Pick major that’s best for you, future career to come

This is the part where I have to write about myself, tell you my goals, ambitions, dream date, all that good stuff. My degree will be in journalism (didn’t see that one coming) when I graduate this coming spring.

I hope to one day become a professional website or magazine writer, more specifically, for websites and magazines covering nerdy topics like video games, anime, cartoons, and graphic novels.

I wrote for The Flor-Ala the entirety of my junior year of college. I got to know the people, and fell in love with reporting. Writing, however, is where I strive to shine. This is why I wanted to be, and obviously became, the life editor.

My section of the paper gets a lot more freedom when it comes to the topics covered, which allows my imagination and sense of literary adventure room to wander. This is all a slick ploy to gather more loyal writers for my section, but let’s continue with more information about me and the valuable advice I’m about to lay on you.

I say all of this to make one point: follow your heart.
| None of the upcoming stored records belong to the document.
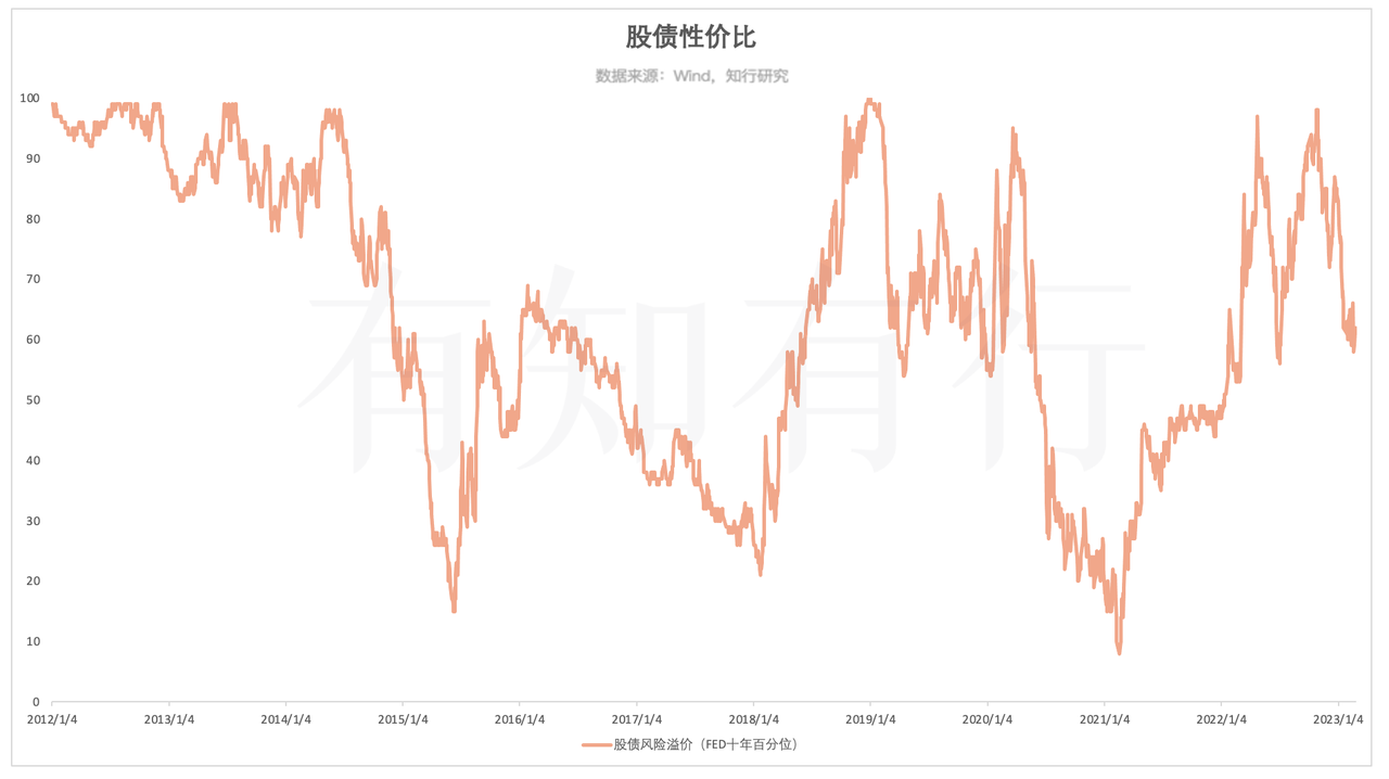 就目前而言,最新的 FED 十年百分位数据是 60%,可以认为是 60°,这意味着股票相对于债券来说,性价比还是很高的。从定义来看,股债风险溢价和全市场温度是反向关系,股债风险溢价越高说明股票的性价比越高,而全市场温度越低说明股票的性价比越高。
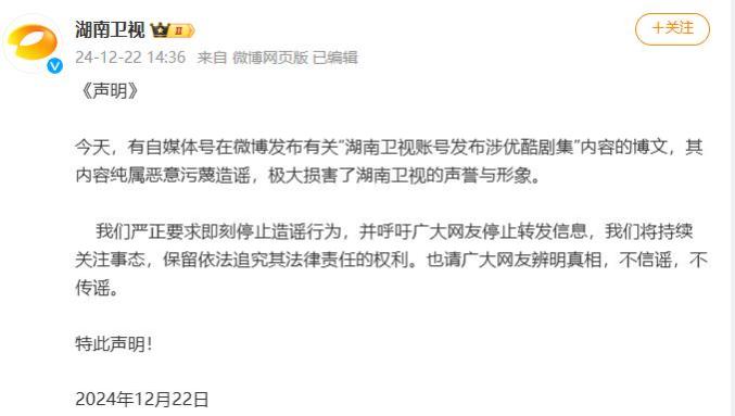 十二月二十二日下午,湖南卫视发表声明回应:今天,有媒体号在微博上发布了一篇关于“湖南卫视账号发布涉优酷剧”内容的博文,内容纯属恶意污蔑造谣,极大地损害了湖南卫视的声誉和形象。
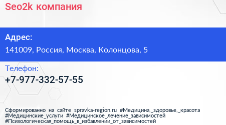 Seo2k, компания по адресу 141009, Россия, Москва, Колонцова, 5 в дальнейшем Организация, размещена в следующих категориях:

The career path I have chosen is competitive, demanding, and practically impossible to get rich in. I started UNA as an accounting major (no offense to our wonderful business department, but that lasted a good year before I basically developed hives from the lack of creative release). After a life-changing advising moment with Dr. Greg Pitts, my current department chair, where he filled out my change of major form right there in front of me, I was a new journalism undergrad.

Don’t pick a major because it will bring in the moolah, don’t pick a major to follow in your parent’s footsteps, and for the love of all that is holy, don’t randomly pick a major using a frowned-upon method such as eeny-meeny-miney-mo. You have two years to figure out which major you want, anyway: soak it all in.
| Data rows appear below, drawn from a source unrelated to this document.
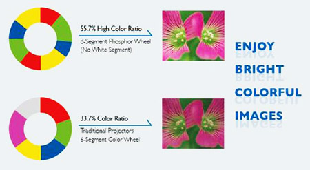 目前,主流的DLP光引擎一般采用6段式色輪分色處理,LX60ST/LW61ST采用的藍核光引擎創(chuàng)新的使用了8段式色輪,在傳統(tǒng)紅綠藍三原色分色方法的基礎(chǔ)上再造了一個黃色,正是因為新色輪及激光光源的運用,藍核光引擎可將藍色色彩亮度大大提高,與此同時,以往DLP投影機難以完美演繹的黃色部分也變得鮮艷動人。再加上80000:1的超高對比度,整體可實現(xiàn)畫面艷麗,色彩豐富,層次分明的投影效果。商教用戶擁有了這臺投影機,意味著不僅可以得到傳統(tǒng)DLP投影機清晰銳利的細節(jié)顯示,同時還擁有了不遜于LCD投影機的艷麗色彩,可謂是博采眾長,技壓群芳。
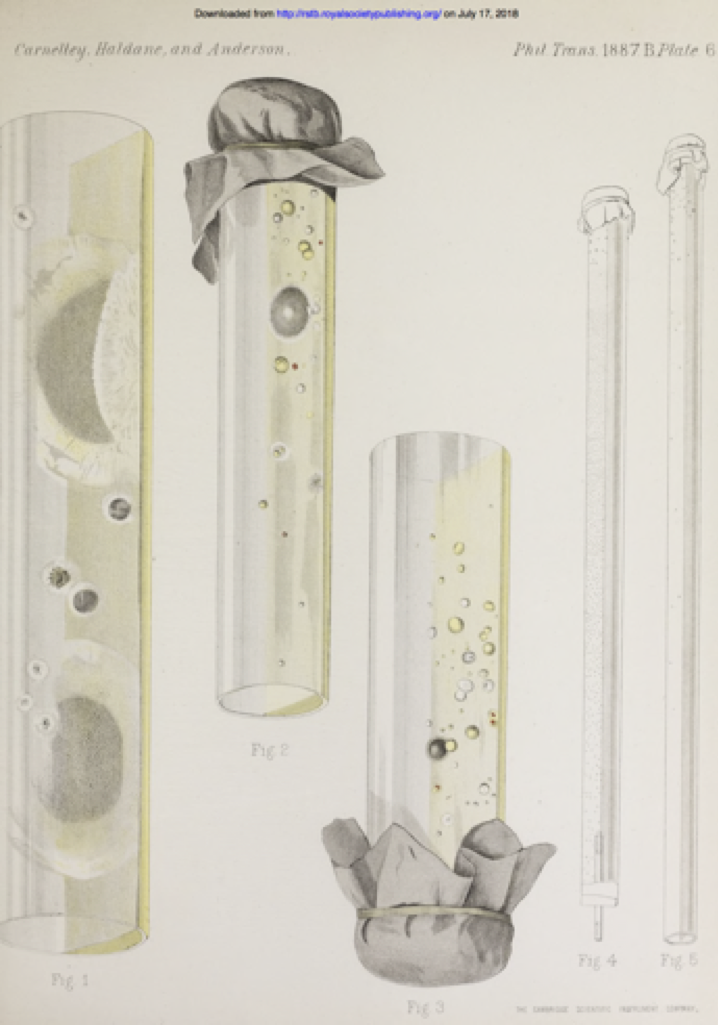 I am always drawn back to a landmark study from 1887, which James Scott at the University of Toronto first turned me on to: “The carbonic acid, organic matter, and micro-organisms air, more especially of dwellings and schools,” by Thomas Carnelley and colleagues. It’s a simple and elegant study that investigated the relationship between over-crowding, occupant activity, ventilation, and airborne concentrations of microorganisms, carbonic acid (a surrogate for CO2), and organic matter (a surrogate for organic particulate matter). They collected microorganisms by pulling air through a glass tube layered with a nutrient solution of ‘meat juice,’ peptone, salt, gelatin, and water (mmm yummy…), incubating what was collected on the jelly, and conducting visual counts of the colonies that grew (see below). We are still studying similar outcomes and relationships today.
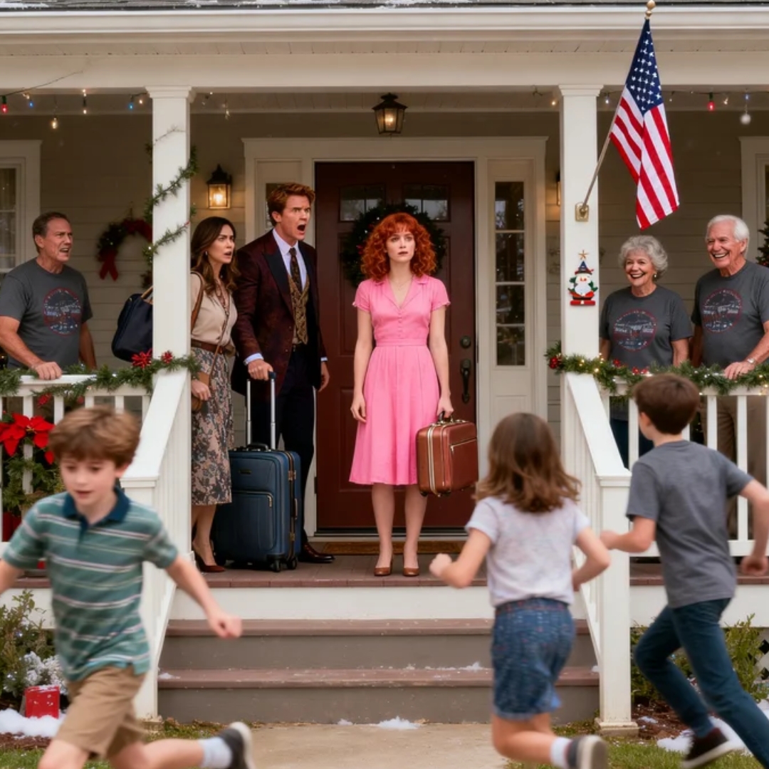 His wife Melissa stood beside him in expensive travel clothes, gripping the handle of a rose-gold carry-on like she was hanging onto the last stable thing in the world. Their three children swarmed my porch in a blur of winter jackets, sticky hands, and loud entitlement. Behind them, framed almost theatrically in the weak winter sunlight, stood our parents.

Pick your major because your heart told you to. It is the real brains of the operation, after all.

Now after having a little “mom” moment, let me give you some more advice on how to become successful when you finally do pick the major of your dreams.

Study hard, make friends of all types, and become friends with your professors. If they like you, if you can prove to them you are worth their interest, they will bring opportunities faster than a career fair. Be polite, never mean, and live your life with dignity.

Good luck, fellow UNA peeps, I hope you enjoy our paper each week, and remember: it is up to you to make your college experience worth the ungodly amount of money you are paying for it.